Instructions for the task: Transcribe word for word the lines below from the line with "Kit 3 Pijama" through the line with "Na patelni rozgrzewam", ends included.

Records for this task:

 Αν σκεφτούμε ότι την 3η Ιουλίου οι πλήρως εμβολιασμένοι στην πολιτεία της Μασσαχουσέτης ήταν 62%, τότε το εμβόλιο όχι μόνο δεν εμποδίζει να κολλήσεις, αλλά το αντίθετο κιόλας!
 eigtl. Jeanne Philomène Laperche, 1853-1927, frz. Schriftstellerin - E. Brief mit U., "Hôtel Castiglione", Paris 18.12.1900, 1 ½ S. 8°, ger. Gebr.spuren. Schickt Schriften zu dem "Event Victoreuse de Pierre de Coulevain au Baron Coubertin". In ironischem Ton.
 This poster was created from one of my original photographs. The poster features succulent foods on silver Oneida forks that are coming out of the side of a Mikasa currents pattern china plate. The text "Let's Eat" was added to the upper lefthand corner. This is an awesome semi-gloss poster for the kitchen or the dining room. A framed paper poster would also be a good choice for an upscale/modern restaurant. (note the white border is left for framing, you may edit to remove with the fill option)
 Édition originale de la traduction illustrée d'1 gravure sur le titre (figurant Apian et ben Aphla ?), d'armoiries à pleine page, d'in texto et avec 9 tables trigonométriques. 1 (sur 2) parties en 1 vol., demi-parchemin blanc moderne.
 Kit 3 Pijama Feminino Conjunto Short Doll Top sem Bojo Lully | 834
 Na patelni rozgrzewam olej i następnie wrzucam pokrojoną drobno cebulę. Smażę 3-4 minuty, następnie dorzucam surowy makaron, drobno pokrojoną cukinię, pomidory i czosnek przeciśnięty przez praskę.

...

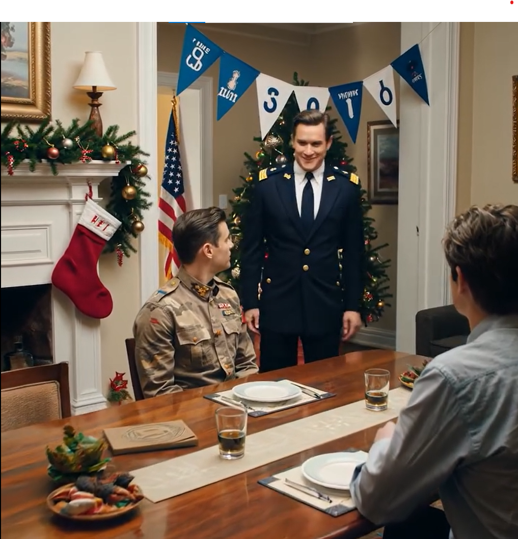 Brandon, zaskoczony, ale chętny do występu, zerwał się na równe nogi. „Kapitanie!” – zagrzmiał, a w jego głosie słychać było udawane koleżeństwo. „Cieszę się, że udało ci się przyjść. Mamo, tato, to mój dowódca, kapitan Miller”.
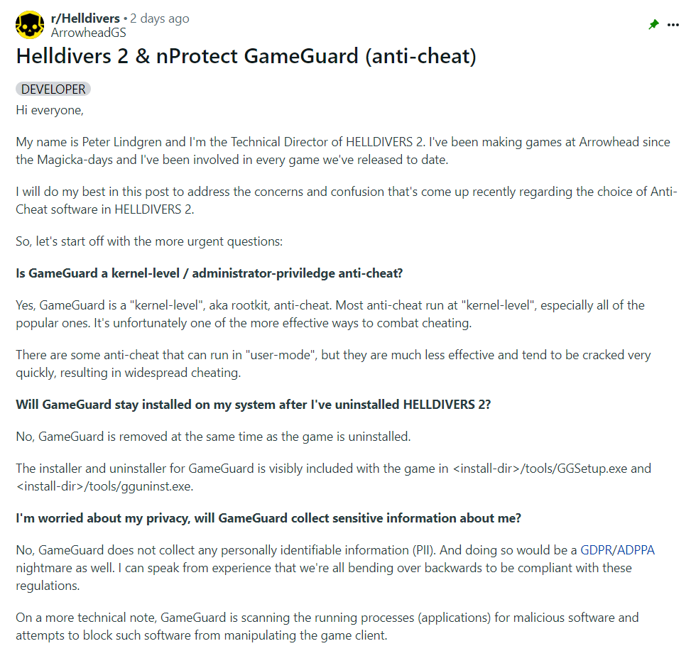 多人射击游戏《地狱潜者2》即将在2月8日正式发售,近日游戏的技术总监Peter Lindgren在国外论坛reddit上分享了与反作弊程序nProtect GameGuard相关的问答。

Response to the task:
 Kit 3 Pijama Feminino Conjunto Short Doll Top sem Bojo Lully | 834
 Na patelni rozgrzewam olej i następnie wrzucam pokrojoną drobno cebulę. Smażę 3-4 minuty, następnie dorzucam surowy makaron, drobno pokrojoną cukinię, pomidory i czosnek przeciśnięty przez praskę.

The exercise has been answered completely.